I have been using the SAS Viya environment for just over six months now and I absolutely love it.  As a long-time SAS coder and data scientist I’m thrilled with the speed and greater accuracy I’m getting out of a lot of the same statistical techniques I once used in SAS9.  So why would a data scientist want to switch over to the new SAS Viya platform?
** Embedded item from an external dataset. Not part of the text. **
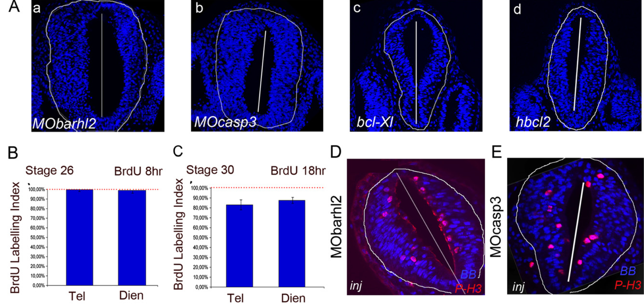 Fig. S4. Depletion of Barhl2 or Casp3 generates neural tube hyperplasia, an increase in the BrdU LI, and ectopic mitosis. (A) Depletion of Barhl2 or Casp3 generates neural tube hyperplasia. Xenopus embryos were injected with (a) MObarhl2-60 (60 ng), (b) MOcasp3-40 (40 ng), (c) bcl-XL cRNA, or (d) hbcl2 cRNA. Representative sections of st 26 embryos at the diencephalic level are shown dorsal side up. Cell nuclei are stained with BB. The white line indicates the midline of the neural tube and the limits of the neuroepithelium. The left side is the injected side. (B and C) Neuroepithelial cells all proliferate until st 26, and some neuroepithelial cells cease division after this point. The BrdU LI was measured after (B) 8 h starting at st 24 until st 26/27 or (C) 18 h starting at st 26/27 until st 30 of BrdU exposure in telencephalic and diencephalic sections. Each embryo was assessed independently. (B) Between st 24 and 27, 99.7% of telencephalic (n = 3) and 98.9% of diencephalic (n = 3) neural tube cells had incorporated BrdU and undergone at least one cell cycle. (C) Between st 26 and 30, only 84% of telencephalic (n = 3) and 88% of diencephalic (n = 3) neural tube cells had divided, arguing that some neuroepithelium cells had exited the cell cycle during this period. (D and E) Ectopic mitosis in Barhl2- and Casp3-depleted st 26 embryos. Representative sections of st 26 embryos at the diencephalic level, shown dorsal side up and immunostained for P-3H (red), merged with BB (blue) images.

The simple response is “better, faster answers.”  There are some features that are endemic to the SAS Viya architecture that provide advantages, and there are also benefits specific to different products as well.  So, let me try to distinguish between these.
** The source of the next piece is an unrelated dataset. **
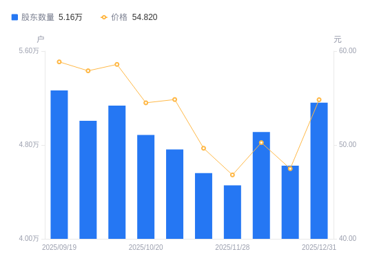2月5日消息,数据显示,截至2026年1月9日,A股股东总户数为4.9万户,较上期(2025年12月31日)减少2638户,降幅5.11%。公司最新A股总股本为4.47亿股,其中流通A股4.47亿股,户均持有流通A股数量为9125.75股,较上期增加466.58股,增幅5.39%;户均持流通A股市值50.47万元,较上期增加3万元,增幅6.33%。

SAS Viya Platform Advantages

To begin, I want to talk about the SAS Viya platform advantages.  For data processing, SAS Viya uses something called the CAS (Cloud Analytic Services) server – which takes the place of the SAS9 workspace server.  You can still use your SAS9 installation, as SAS has made it easy to work between SAS9 and SAS Viya using SAS/CONNECT, a feature that will be automated later in 2017.

Parallel Data Loads

One thing I immediately noticed was the speed with which large data sets are loaded into SAS Viya memory.  Using Hadoop, we can stage input files in either HDFS or Hive, and CAS will lift that data in parallel into its pooled memory area.  The same data conversion is occurring, like what happened in SAS9, but now all available processors can be applied to load the input data simultaneously.  And speaking of RAM, not all of the data needs to fit exactly into memory as it did with the LASR and HPA procedures, so much larger data sets can be processed in SAS Viya than you might have been able to handle before.

Multi-threaded DATA step

After initially loading data into SAS Viya, I was pleased to learn that the SAS DATA step is multi-threaded.  Most of your SAS9 programs will run ‘as is,’ however the multi-processing really only kicks in when the system finds explicit BY statements or partition statements in the DATA step code.  Surprisingly, you no longer need to sort your data before using BY statements in Procs or DATA steps.  That’s because there is no Proc Sort anymore – sorting is a thing of the past and certainly takes some getting used to in SAS Viya.  So for all of those times where I had to first sort data before I could use it, and then execute one or more DATA steps, that all transforms into a more simplified code stream.   Steven Sober has some excellent code examples of the DATA step running in full-distributed mode in his recent article.

Open API’s

While all of SAS Viya’s graphical user interfaces are designed with consistency of look and feel in mind, the R&D teams have designed it to allow almost any front-end or REST service submit commands and receive results from either CAS or its corresponding micro-service architecture.  Something new I had to learn was the concept of a CAS action set.  CAS action sets are comprised of a number of separate actions which can be executed singly or with other actions belonging to the same set.  The cool thing about CAS actions is that there is one for almost any task you can think about doing (kind of like a blend between functions and Procs in SAS9).  In fact, all of the visual interfaces SAS deploys utilize CAS actions behind the scenes and most GUI’s will automatically generate code for you if you do not want to write it.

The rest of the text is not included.